O “imperador sábio” e o país escravocrata: o abismo entre imagem e prática
Para Schwarcz, a monarquia brasileira investiu pesadamente na produção de uma imagem civilizatória. Pedro 2º era fotografado, pintado e descrito como um governante europeu transplantado para os trópicos: leitor voraz, patrono das artes, cientista amador e exemplo de moderação.
Mas a realidade social do Brasil do Segundo Reinado invalidava qualquer pretensão civilizatória. Sob seu governo, o país atrasou ao máximo a abolição da escravidão, tornando-se o último das Américas a extingui-la formalmente em 1888. O imperador, embora pessoalmente contrário ao cativeiro em certos discursos privados, não confrontou o pacto político que sustentava o Império: a dependência de uma elite escravocrata resistente a mudanças.
Schwarcz enfatiza que o prestígio internacional e o verniz cultural do monarca funcionavam como uma fachada simbólica, mascarando o que ela chama de “civilização possível”, limitada pela escravidão e pelas estruturas arcaicas que Pedro II jamais enfrentou.
A dissociação entre imagem e realidade: o mito da “civilização”
Schwarcz demonstra que D. Pedro 2º foi meticulosamente moldado como símbolo de civilização, ciência e ordem — um “monarca ilustrado” que contrastava com o caos republicano ao redor. Contudo, essa imagem era amplamente dissociada da realidade brasileira. O imperador cultivava uma erudição superficial, mais voltada à exibição do que à transformação concreta do país. Ao mesmo tempo que se apresentava como mecenas das artes e das ciências, ignorava deliberadamente as tensões políticas e sociais que se agravavam, especialmente em torno da escravidão e da centralização do poder.
Como destaca a autora, D. Pedro 2º era um “imperador cinzento em uma terra de sol tropical” (expressão de Gilberto Freyre citada no livro), cuja postura “burguesa” — com cartola, jaquetão preto e livro sob o braço — desconectava-o do imaginário popular. Enquanto se europeizava, perdia ressonância local, tornando-se um monarca “dos outros”, distante dos trópicos que deveria representar.
Elite parasitária: a monarquia que governava para poucos
O retrato crítico de Schwarcz destaca que o Segundo Reinado consolidou uma elite que vivia do trabalho escravizado e da renda agrária, reproduzindo uma ordem senhorial com pouquíssima mobilidade social.

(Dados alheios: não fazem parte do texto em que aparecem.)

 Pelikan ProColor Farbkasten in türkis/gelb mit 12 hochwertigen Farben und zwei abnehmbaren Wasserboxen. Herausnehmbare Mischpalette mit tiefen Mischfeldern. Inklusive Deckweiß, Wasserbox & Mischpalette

Essa elite — “parasitária, dependente e autorreferente”, nos termos de leituras derivadas da obra — encontrou em Pedro 2º um mediador perfeito: culto, mas político tímido; moderno na aparência, mas conservador na prática. Ele manteve a estrutura que a favorecia, garantindo estabilidade para cima enquanto a desigualdade se aprofundava para baixo.
Um dos aspectos mais críticos apontados por Schwarcz é a atuação tímida e ambígua de D. Pedro 2º em relação à abolição da escravidão. Embora afirmasse ser contrário à escravidão, o imperador evitou usar plenamente seu Poder Moderador para acelerar o fim do sistema, preferindo adotar a estratégia de “deixar correr, deixar passar”, conforme observa a autora. Isso revela não apenas uma postura conservadora, mas também uma priorização da estabilidade das elites escravistas em detrimento da justiça social.
Essa ambiguidade teve consequências duradouras: adiou reformas estruturais essenciais e deixou um vácuo moral que a República herdaria sem respostas. Ao não atacar frontalmente a escravidão antes que se tornasse uma crise explosiva, o Império legou ao Brasil uma cidadania esquiva e fragmentada, fundada sobre desigualdades raciais profundas.
A monarquia tropical, portanto, não foi um regime que tentou civilizar o país, mas um regime que buscou civilizar sua própria imagem, enquanto preservava um núcleo de poder excludente e retrógrado.
Viagens ao exterior: o imperador ausente e as turbulências internas
Um dos elementos mais expositivos do mito imperial, segundo Schwarcz, são as longas viagens de Pedro 2º ao exterior — frequentemente tratadas como jornadas culturais, mas que revelam um monarca distante e desconectado da realidade política nacional.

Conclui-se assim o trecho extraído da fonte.